Plus, since scientists figured out how to draw natural gas out of the Barnett Shale several years ago, production in shale plays across the country has boomed.

Total U.S. production was up 8 percent in July compared with last year, according to the most recent data from the Department of Energy.

The extra supply of natural gas also helped bring prices down.

When production companies fetch less money for their natural gas, they have less money to spend on new drilling.

If natural gas prices drop further, the market could hit levels that make new wells uneconomical.

Each Barnett Shale company has a different threshold.

For those that drill in urban areas or where the shale is thin, sustained prices below $6 or $7 per million British thermal units might trigger a halt.

In the core area of the play, where the shale is thick and rich with gas, a producer might not worry until prices hit $5 per million Btu.

"Most of the people talking about the Barnett Shale rolling over in the next while, I think that might reflect their own assets, their own acreage positions," said John Richels, president of Devon Energy Corp., the largest and one of the earliest producers of the Barnett Shale.

As an early pioneer, Devon leased land in the sweet spot of the play, in rural areas in Denton, Parker, Johnson, Tarrant and Wise counties.

Devon paid less for its leases than other companies and hasn't faced as much drilling protest as those companies working in urban areas.

Mr. Richels expects Devon to double its production in the next few years. He's more optimistic than some of his peers.
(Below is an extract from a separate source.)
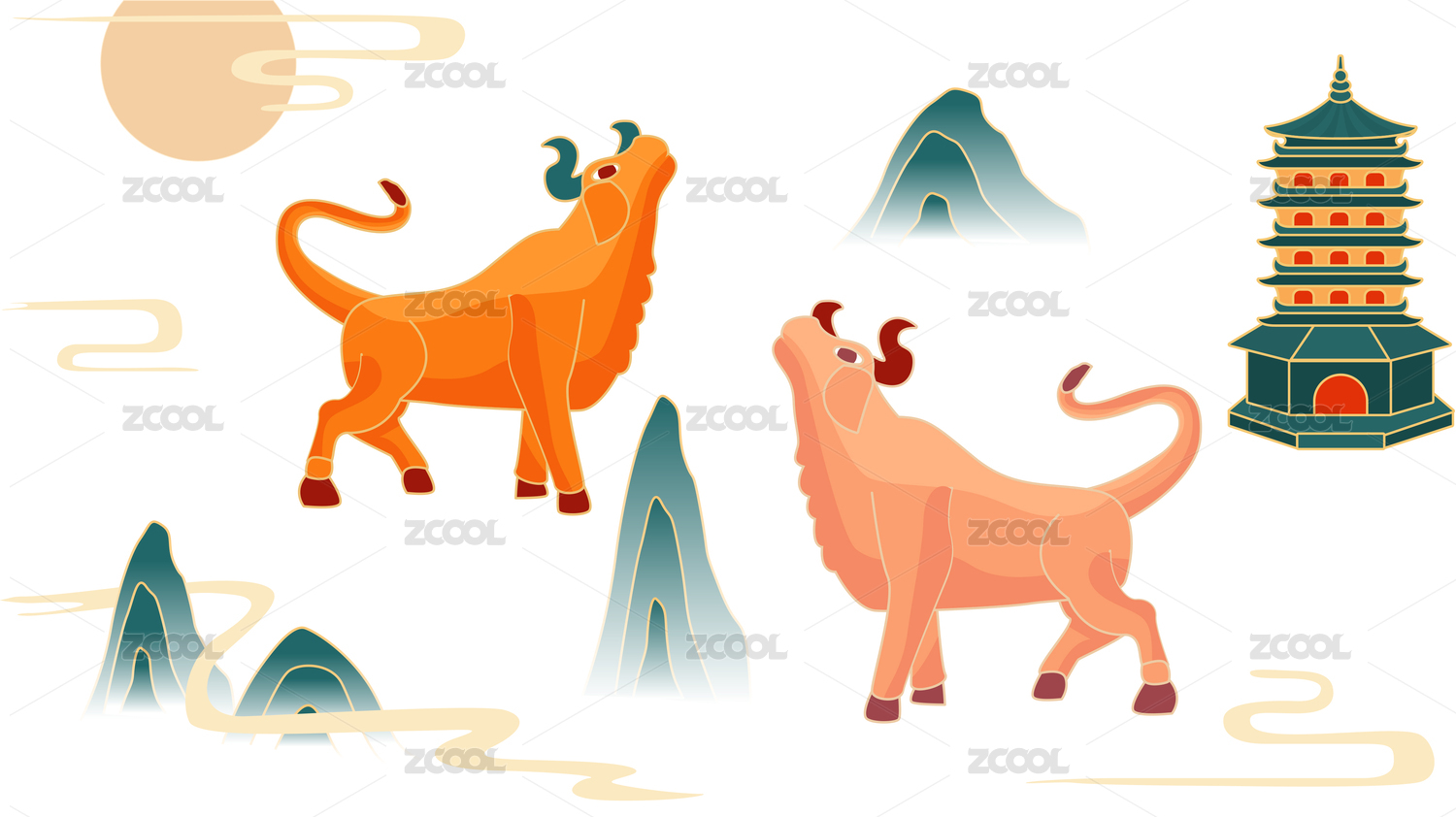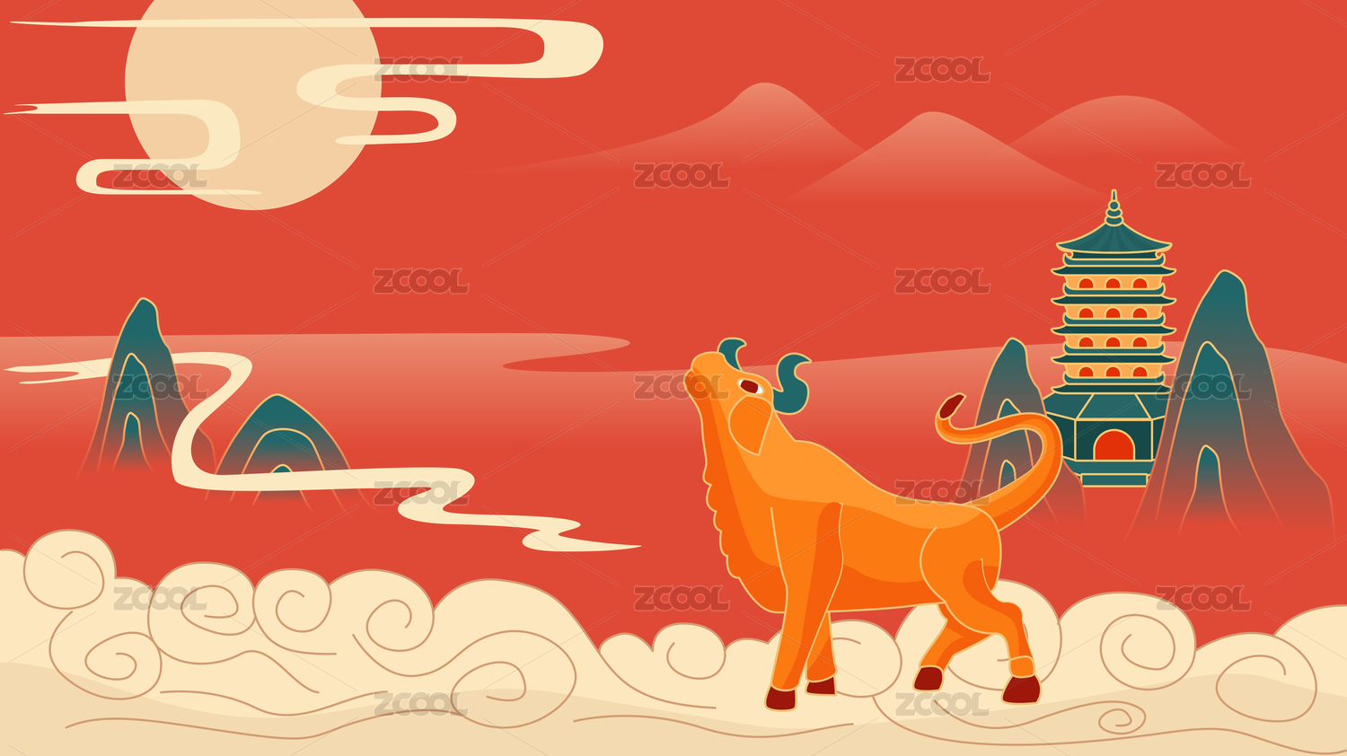 中國風(fēng)背景插畫矢量牛年國潮

But even Mr. Richels agrees that lower natural gas prices will constrict drilling budgets in the industry.

'One more year'

"Our view is that the Barnett Shale, as an aggregate, probably has one more year of decent growth, and that's 2009," said Mark Papa, chief executive of EOG Resources, a Barnett Shale production company.
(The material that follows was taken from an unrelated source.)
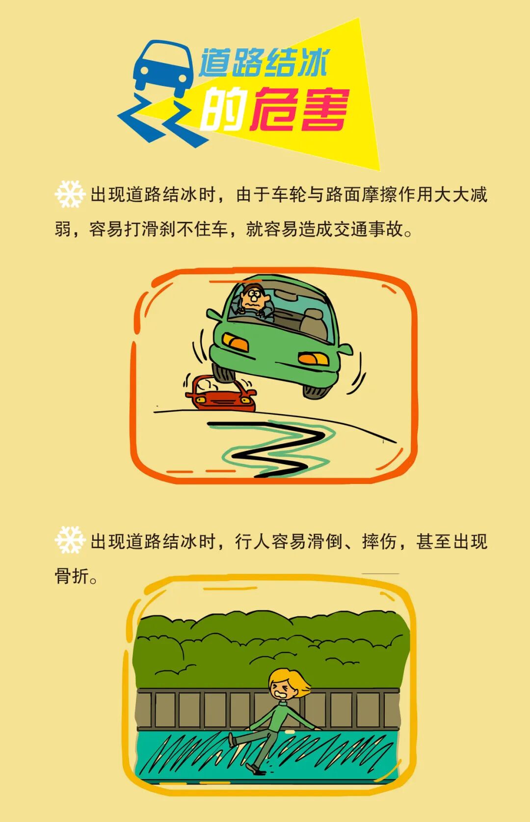 道路結冰?是指降水(如雨、雪、凍雨或霧滴)碰到溫度低于0℃的地面而出現的積雪或結冰現象。通常包括凍結的殘雪、凸凹的冰轍、雪融水或其他原因的道路積水在寒冷季節形成的堅硬冰層。道路結冰一般分為兩種情況,一種是降雪后立即凍結在路面上形成的道路結冰;另一種是在積雪融化后,由于氣溫降低而在路面形成的結冰。

"By year-end 2009, we believe Johnson County is going to be pretty well drilled up by all operators," Mr. Papa told analysts in July.

"That's going to remove a lot of the thrust."

Other production company brass put the peak a year or two later, but most agree that the natural gas field may have only a few more years of growth.

Already data from the Railroad Commission show production has been declining nearly every month this year.

This can be explained partly by another set of data: rig count.

The number of rigs drilling wells in North Texas has been stable for months, around 255 rigs, according to data from oilfield services company Baker Hughes.

But producers must add rigs all the time to keep production volumes rising.

A Barnett Shale natural gas well gives up around 65 percent of its gas in the first year and around 80 percent in the first two years. The only way to replace that production is to drill more wells.

"I would guess you got maybe two or three more years of growth," XTO Energy president Keith Hutton said in the summer. "And it will slow, because people have to pick up rigs in order to make it keep growing. You've got to add rigs at least 10 percent or 15 percent every year to keep that kind of growth pace."

Instead, insiders say the rig count is more likely to go down.

Already, Chesapeake has said it will move 10 of its 43 Barnett Shale rigs to the Haynesville Shale, a budding natural gas field in northern Louisiana.